The Story
Why it exists.
The beginning
Bertrand Duchaufour doesn't play it safe. His work spans incense-heavy meditational compositions and warm oriental structures built for the skin rather than the room. For Alternative, commissioned by the Russian house Faberlic in 2015, he brought that same sensibility to a different audience, men who'd been offered citrus, aquatic, or woody-fresh options and wanted something else entirely. The name isn't accidental. Alternative was positioned as just that: a different choice for a different kind of wearer. The brief called for character, not consensus. Duchaufour delivered with clary sage and frankincense as the structural spine, building outward into amber and oakmoss. A fragrance for someone who knows what they like and doesn't need permission to wear it.

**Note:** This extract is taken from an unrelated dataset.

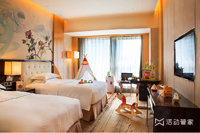 酒店拥有448间豪华客房和套房,均呈现开阔优雅的空间、独特且国际化的时尚品质。客房均在40平方米以上,42寸液晶纯屏彩电、高速宽带网络接入、24小时卫星电视系统等全都配备完善,另设有人体工学办公区等,众多齐全的设施与用品让人感觉宾至如归。入住行政楼层的宾客更可尊享特别的商务服务。行政套房面积最小达85平方米,行政楼层的客人可享受在私人接待台办理快速便捷的入住/退房手续,并可在行政酒廊享用自助早餐、下午茶和傍晚的欢乐时光。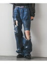 Shoowtime ハードクラッシュヴィンテージウォッシュデニムパンツ ショウタイム パンツ ジーンズ・デニムパンツ ブルー【送料無料】

What makes this pyramid interesting is the balance between freshness and darkness. Clary sage sits in an unusual position, aromatic enough to read as clean, herbal enough to feel grounded in the earth rather than the sky. Incense and frankincense typically push toward the abstract, the spiritual, the smoky. Here, they're held in check by oakmoss, which adds a mossy, slightly bitter backbone that keeps the warmth from becoming diffuse. Amber functions as the adhesive, binding the herbal opening to the smoky heart and woody base into something that feels continuous rather than phased. It's not a fragrance that announces its chapters, it evolves as a single long exhale.
The evolution
Clary sage leads. An herbal freshness that arrives clean, almost medicinal in its clarity, the kind of opening that announces aromatic intent immediately. Spicy notes hover underneath, lending warmth before the main event. Incense becomes audible within the first hour. Not overwhelming, but present, a steady thread that will carry through the drydown. The heart phase belongs to frankincense and woody notes. Amber joins, rounding the edges. The herbal quality doesn't disappear, it becomes part of the overall warmth, integrated rather than dominant. Oakmoss appears in the later heart stages, adding a mossy earthiness that prevents the composition from going fully sweet. The drydown is where amber and oakmoss settle together. Warm, close, intimate. The incense softens into something skin-adjacent rather than room-filling. This is the phase that earns the name, a fragrance that becomes you rather than announcing itself. The scent maintains a respected longevity among enthusiasts, with the drydown lingering into the next morning on fabric.
Cultural impact
Despite limited visibility during its original run, Alternative has earned a loyal following among collectors who appreciate Duchaufour's aromatic-smoky-amber lineage. Those who found it remember it well, and the scent now circulates among enthusiasts seeking its particular character. The composition places it squarely in the structured, warm, skin-focused tradition that defined much of Duchaufour's 2010s work, respected by those who understand its quiet intensity.